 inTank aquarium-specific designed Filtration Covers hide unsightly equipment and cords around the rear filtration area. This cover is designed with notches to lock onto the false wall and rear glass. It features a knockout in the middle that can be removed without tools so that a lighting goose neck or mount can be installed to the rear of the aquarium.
________________
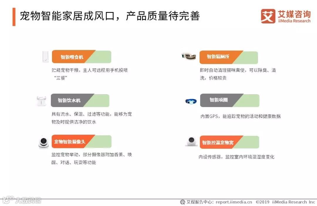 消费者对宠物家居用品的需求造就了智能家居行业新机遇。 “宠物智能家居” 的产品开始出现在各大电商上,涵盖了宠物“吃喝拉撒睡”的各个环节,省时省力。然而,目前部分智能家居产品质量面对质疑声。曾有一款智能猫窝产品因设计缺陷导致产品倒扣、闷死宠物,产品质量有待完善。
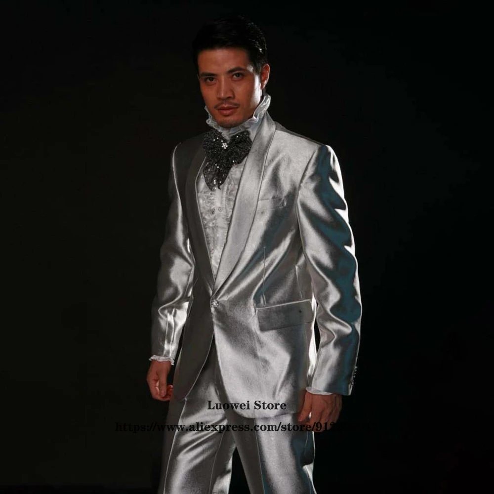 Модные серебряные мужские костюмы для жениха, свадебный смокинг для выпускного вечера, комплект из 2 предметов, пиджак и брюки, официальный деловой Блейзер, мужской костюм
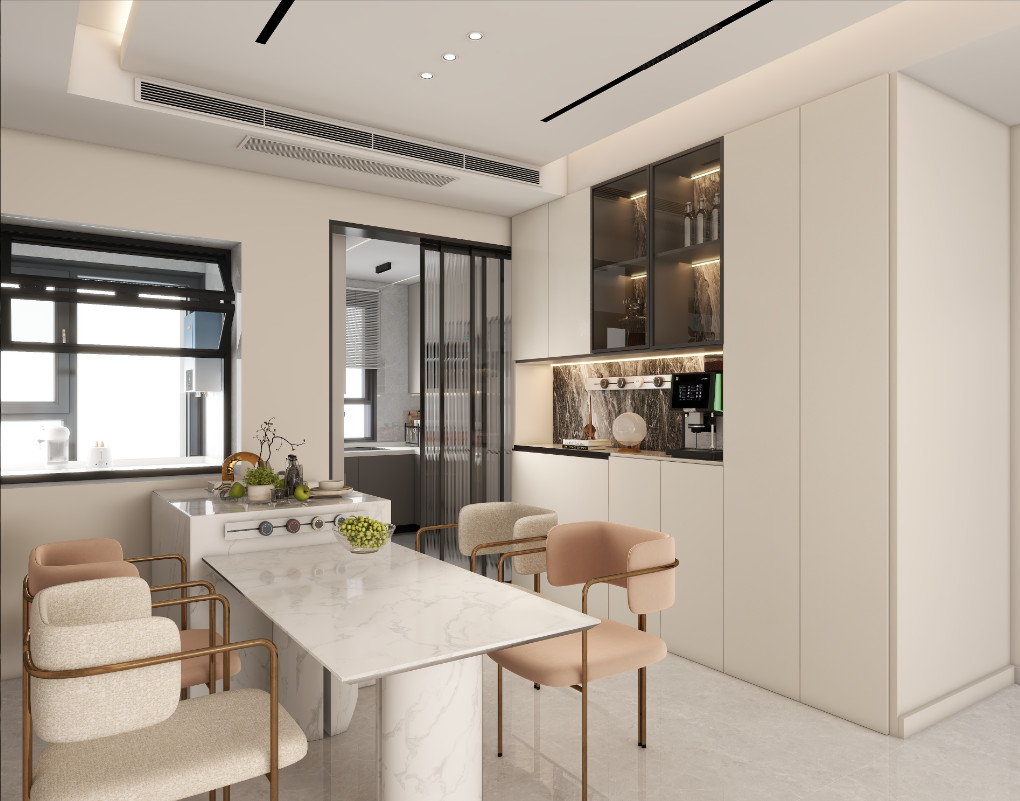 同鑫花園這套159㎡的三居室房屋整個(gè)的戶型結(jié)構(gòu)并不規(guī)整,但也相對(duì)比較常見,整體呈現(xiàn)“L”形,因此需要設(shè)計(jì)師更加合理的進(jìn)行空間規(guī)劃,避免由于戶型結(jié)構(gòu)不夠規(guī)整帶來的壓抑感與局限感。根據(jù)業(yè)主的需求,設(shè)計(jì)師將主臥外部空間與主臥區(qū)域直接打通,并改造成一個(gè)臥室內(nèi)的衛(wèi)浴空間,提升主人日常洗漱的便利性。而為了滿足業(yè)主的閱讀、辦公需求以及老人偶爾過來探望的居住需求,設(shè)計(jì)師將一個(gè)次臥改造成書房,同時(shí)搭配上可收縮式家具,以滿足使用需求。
________________
Your goal: Copy nothing but the lines above from the one with "Модные серебряные мужские" to the one with "同鑫花園這套159㎡的三居室", inclusive, word for word. Leave every picture out.

Solved problem:
 Модные серебряные мужские костюмы для жениха, свадебный смокинг для выпускного вечера, комплект из 2 предметов, пиджак и брюки, официальный деловой Блейзер, мужской костюм
 同鑫花園這套159㎡的三居室房屋整個(gè)的戶型結(jié)構(gòu)并不規(guī)整,但也相對(duì)比較常見,整體呈現(xiàn)“L”形,因此需要設(shè)計(jì)師更加合理的進(jìn)行空間規(guī)劃,避免由于戶型結(jié)構(gòu)不夠規(guī)整帶來的壓抑感與局限感。根據(jù)業(yè)主的需求,設(shè)計(jì)師將主臥外部空間與主臥區(qū)域直接打通,并改造成一個(gè)臥室內(nèi)的衛(wèi)浴空間,提升主人日常洗漱的便利性。而為了滿足業(yè)主的閱讀、辦公需求以及老人偶爾過來探望的居住需求,設(shè)計(jì)師將一個(gè)次臥改造成書房,同時(shí)搭配上可收縮式家具,以滿足使用需求。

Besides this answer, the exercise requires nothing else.